Solved – Ridge & LASSO norms

lassoregularizationridge regression

This post follows this one: Why does ridge estimate become better than OLS by adding a constant to the diagonal?

Here is my question:

As far as I know, ridge regularization uses a $\ell_2$-norm (euclidean distance). But why do we use the square of this norm ? (a direct application of $\ell_2$ would result with the square root of the sum of beta squared).

As a comparison, we don't do this for the LASSO, which uses a $\ell_1$-norm to regularize. But here it's the "real" $\ell_1$ norm (just sum of the square of the beta absolute values, and not square of this sum).

Can someone help me to clarify?

Best Answer

There are lots of penalized approaches that have all kinds of different penalty functions now (ridge, lasso, MCP, SCAD). The question of why is one of a particular form is basically "what advantages/disadvantages does such a penalty provide?".

Properties of interest might be:

1) nearly unbiased estimators (note all penalized estimators will be biased)

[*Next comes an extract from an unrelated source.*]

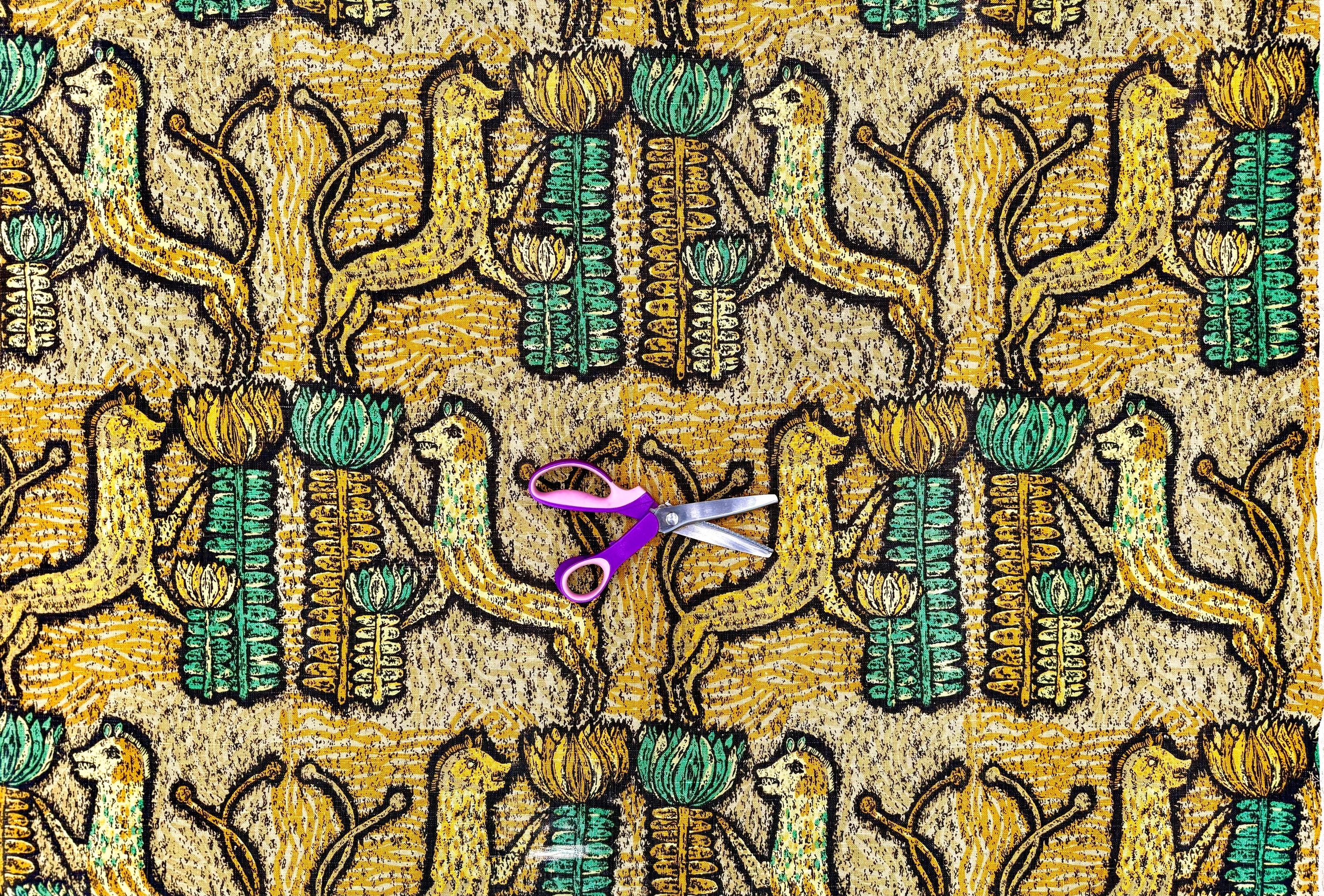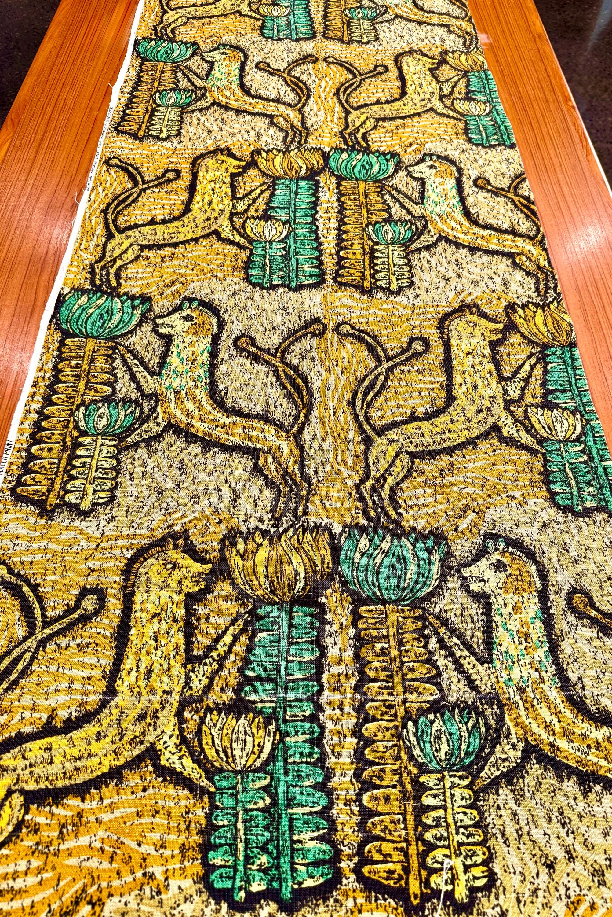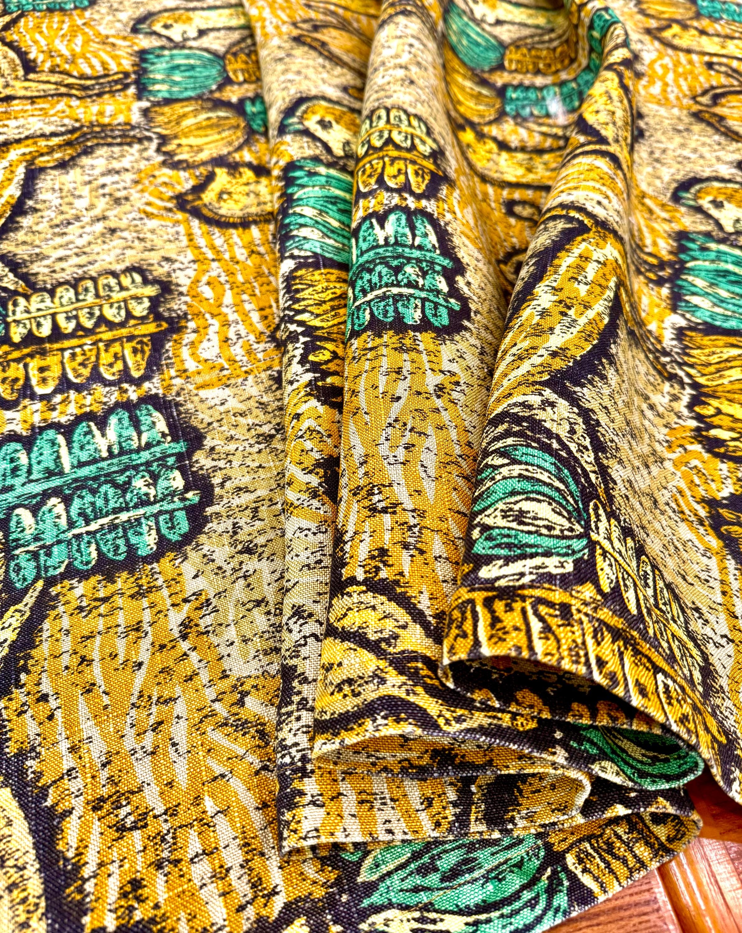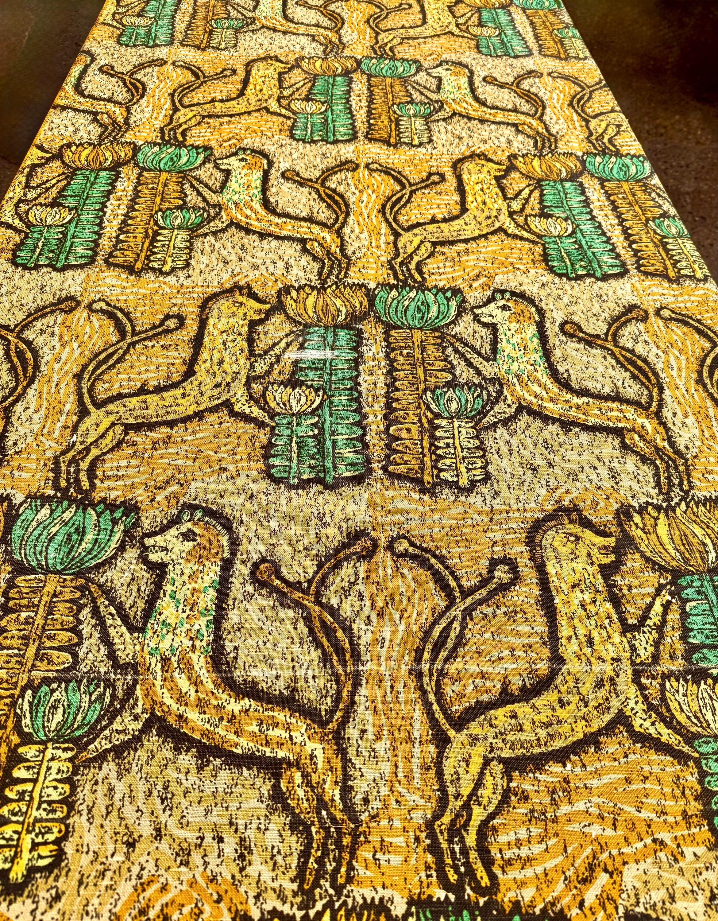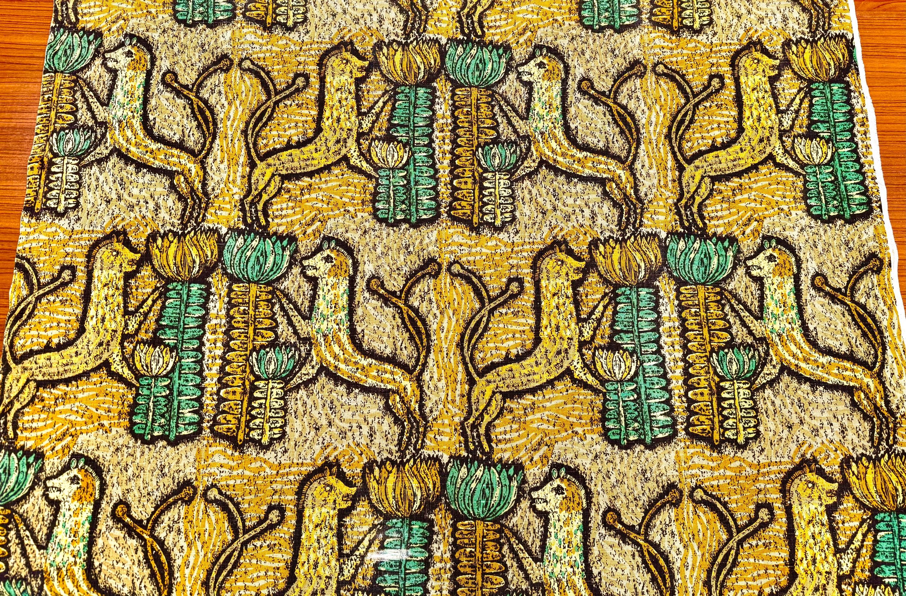 This amazing fabric, in vivid yellow, green, and black, features stylized lions and lotus flowers with a design that looks like the family crest of a medieval dynasty.

2) Sparsity (note ridge regression does not produce sparse results i.e. it does not shrink coefficients all the way to zero)

3) Continuity (to avoid instability in model prediction)

These are just a few properties one might be interested in a penalty function.

It is a lot easier to work with a sum in derivations and theoretical work: e.g. $||\beta||_2^2=\sum |\beta_i|^2$ and $||\beta||_1 = \sum |\beta_i|$. Imagine if we had $\sqrt{\left(\sum |\beta_i|^2\right)}$ or $\left( \sum |\beta_i|\right)^2$. Taking derivatives (which is necessary to show theoretical results like consistency, asymptotic normality etc) would be a pain with penalties like that.